Coffee hours and pancake breakfasts are not new in church circles. Rural parishes, in particular, enjoy them frequently as an informal way of meeting corporeal and social hungers as well as nurturing community and spiritual needs. For those in more urban or suburban areas, another option to be explored might be to invite friends to brunch – with an eye toward doing them the favor of attending to the same human essentials. What I am thinking of is meeting at church first and then going out to brunch after.

It is well documented that we humans have a tendency to confuse hungers. Sometimes the desire to eat something is actually a false signal of the body’s need for hydration. Drinking water and certain other liquids, in itself, can often help to stave off hunger pains and is even recommended by some dietary therapists in weight-management programs. On another level, the hunger for friendship is often expressed in the use of social media, but not without the risk of falling into addictive behaviors, some of which mock what only authentic relationships can offer.

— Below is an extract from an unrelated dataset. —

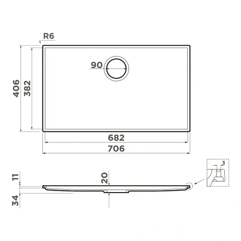 | Габариты чаши (ВхШхГ) | 20х682х382 мм |
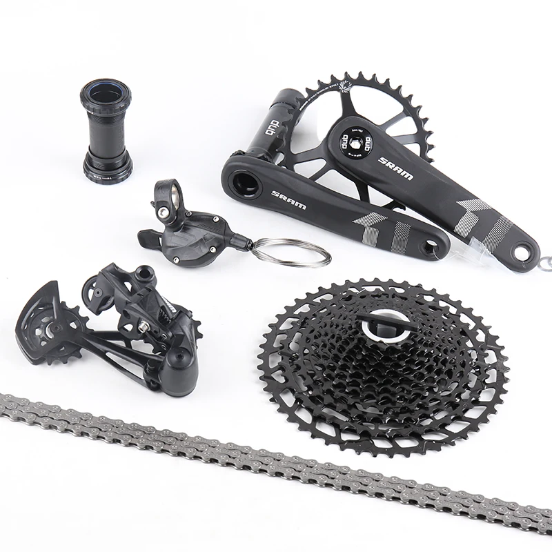 2019 SRAM SX EAGLE 12-скоростной рычаг переключения передач правый. X12021 SRAM SX EAGLE 12 задний переключатель скорости. x1Кассета SRAM SX EAGLE PG1210 12 Скоростей 11-50T.x1 (совместима с концентратором HG)YBN 12-скоростная цепь 126L с link-power.x1SRAM SX/X1 1000 DUB шатуны. x1Каретка DUB. x1

The prevalence of pornography on the internet and its nefarious use by human traffickers, exploits both the subjects displayed on the screen and the hapless consumers. If nothing else, the pandemic exposed the limitations of virtual media as a means of meeting needs for in-person contact. 

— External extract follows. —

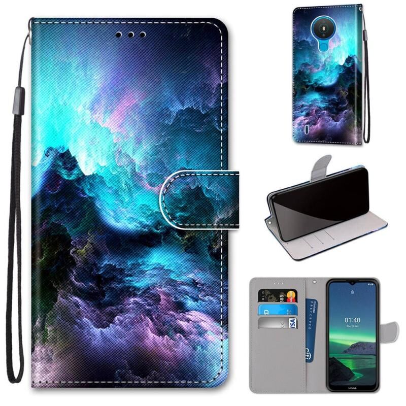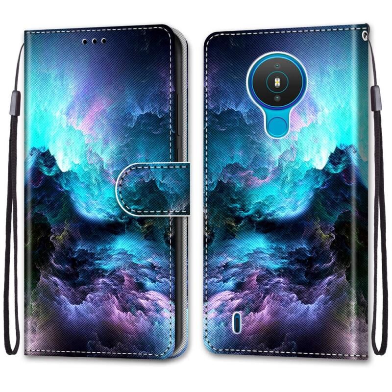 Θήκη για Nokia 1.4 από Δερματίνη PU με Σταυρωτή Υφή, Οριζόντια Αναδίπλωση, με Λαβή, Θήκες για Κάρτες, Πορτοφόλι & Λουρί (Πολύχρωμα Σύννεφα)

What we think we need is not always what we really need. Our spiritual hungers are often masked or short-circuited by the seductions of sensual pleasures and immediate gratification, which not only fail to fulfill the needs of our hearts and souls, but end up creating even more unrest and anxiety. St. Augustine discovered this through his personal experience, seeking love and companionship in all the wrong places, and expressed it in a prayerful verse: “our hearts are restless until they rest in thee.” 

Our Lord, of course, knows this well. Jesus wants to feed all our hungers and, in his earthly ministry, typically addressed them: healing, feeding, teaching, restoring. We as his disciples can and must do the same. People need to be fed and we want those we love to receive all the nourishment that they need — the satisfaction of all their hungers as human beings, not only physical, but spiritual and emotional as well.

Inviting friends to brunch might be one way of doing this. Meet for Mass first, then go out to eat. I have often thought that if each one of us was able to re-introduce just one person to the spiritual wealth of our eucharistic community, to active participation in the Sunday liturgy, how much richer our lives would be, fed by the Word of God and the Real Presence of Christ himself. Somewhere I have heard it said that if all a person did in their life was to lead one soul to the Lord, to find their way to heaven, that life would have been worth living. 

This is the kind of activity that we might call “re-evangelization.” Many people who identify as Christian feel culturally at home with that name, but do not yet appreciate the great benefits of the sacramental life of the Church. At Baptism, we Christians are “plugged in” to the network — the cable is connected, so to speak — but the streaming may not be flowing through for lack of a regular subscription. We need to be fed, to turn the current on.

All living beings need to be fed. We do not feed the dead, but the living need food and drink, nourishment to survive and thrive. Without the life the Lord gives us, our souls can wizen and perish. We may not realize it is happening, distracted by perishable substances that cannot fill that soul-hunger. I am not suggesting that Mass alone is all we need, but Jesus told us that we need to feed on him in order to have eternal life and this is the sure and guaranteed way to receive him and for which there is no substitute. 

From our communion in him and with him flows authentic human communion, spiritual friendships, through which all our human hungers and needs will be met. When Christ is the center of our life, we find the connections, personally and socially, through which peace and harmony flow into a vigorous ecclesial and community life. Invite a friend to brunch, to Mass first, and see what God can do.